Welcome to Atomic Wonder, where we break down one tiny thing with big ripple effects. This week, we’re talking about the slip.

A few years ago, switching assignments on pick-and-rolls temporarily solved basketball’s most popular play, triggering an all-hands-on-deck emergency for basketball wonks.

At first, one-on-one scoring seemed like the only solution. The Houston Rockets, helmed by James Harden and Chris Paul, led the movement against ball movement.

Those days are over, though, thanks to the popularization of slipping, a cut into open space after setting a pick, an adjustment that has become so pervasive it has shifted beyond the vocabulary of coaches and scouts. The slip is a triumph of evolution, of collective necessity leading to collective problem-solving and adoption.

The name is true to its nature. There is a moment after every switch is called but before it’s executed that the pick-setter is configured between two defenders but guarded by neither. That’s when they can literally slip underneath the defense (the element of surprise is important) and cut to a juicy opening.
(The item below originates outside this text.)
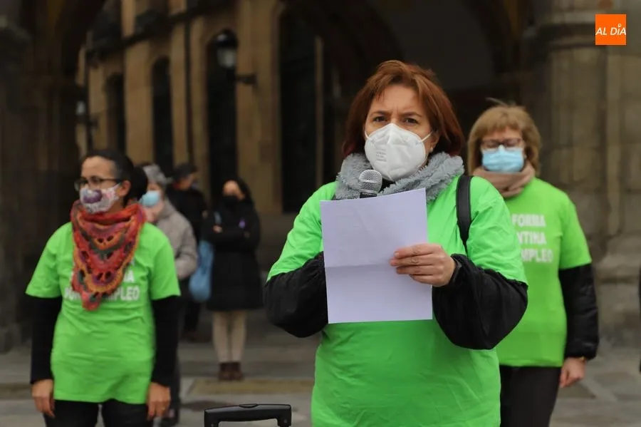 La Plataforma Salmantina de Entidades por el Empleo ha organizado un acto reivindicativo en la Plaza Mayor para mostrar su apoyo y compromiso social con las personas más vulnerables, colectivo que como consecuencia de la crisis sanitaria COVID-19, se ha visto incrementado.
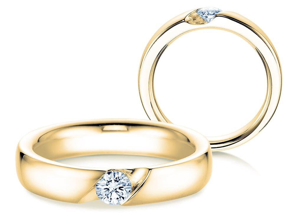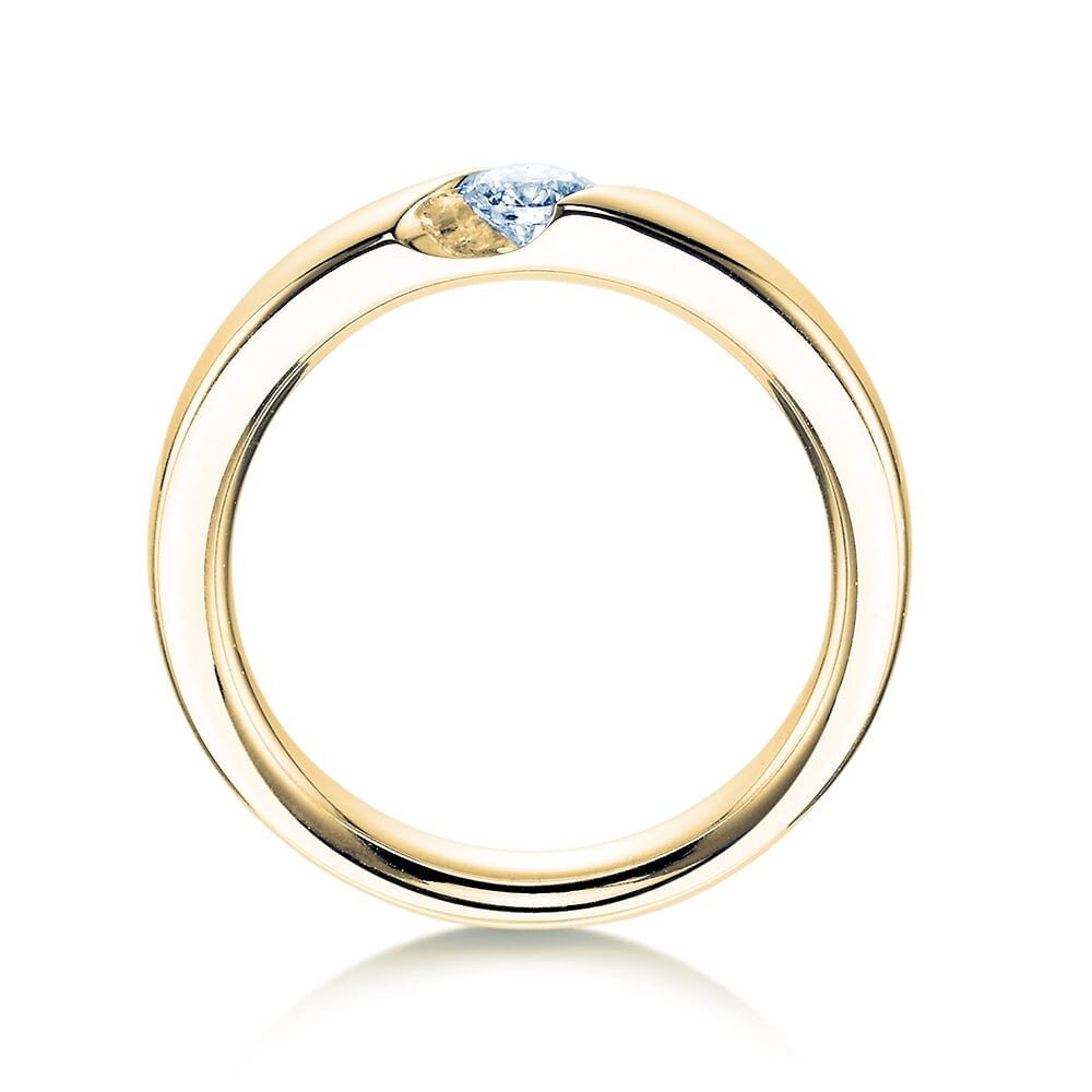 Ein klassischer Spannring, schlicht und elegant. Auf den zweiten Blick offenbart sich seine besondere Raffinesse, die diagonal verlaufende Fassung. Sie gibt dem Diamanten sicheren Halt und sorgt, durch die offen ausgeformten Seiten, für seitlich einfallendes Licht. Der Diamanten beginnt zu strahlen.

Slipping is not new. It’s a fusion of two popular, effective plays: pick-and-rolls and cuts. Chris Bosh loved to slip after setting picks for LeBron James and Dwyane Wade, but like most innovations spawned by the Heatles, the Golden State Warriors got most of the credit — small ball, switching, positionless lineups, anyone?

This happened for a few reasons.

The Warriors’ success, unlike the Miami Heat Big 3, didn’t have an easy explanation. Reporters searched for one, convening around coach Steve Kerr, hoping for scraps of insight through a smorgasbord of coach speak. But Kerr provided real answers right at a time fans were becoming more curious about X’s and O’s.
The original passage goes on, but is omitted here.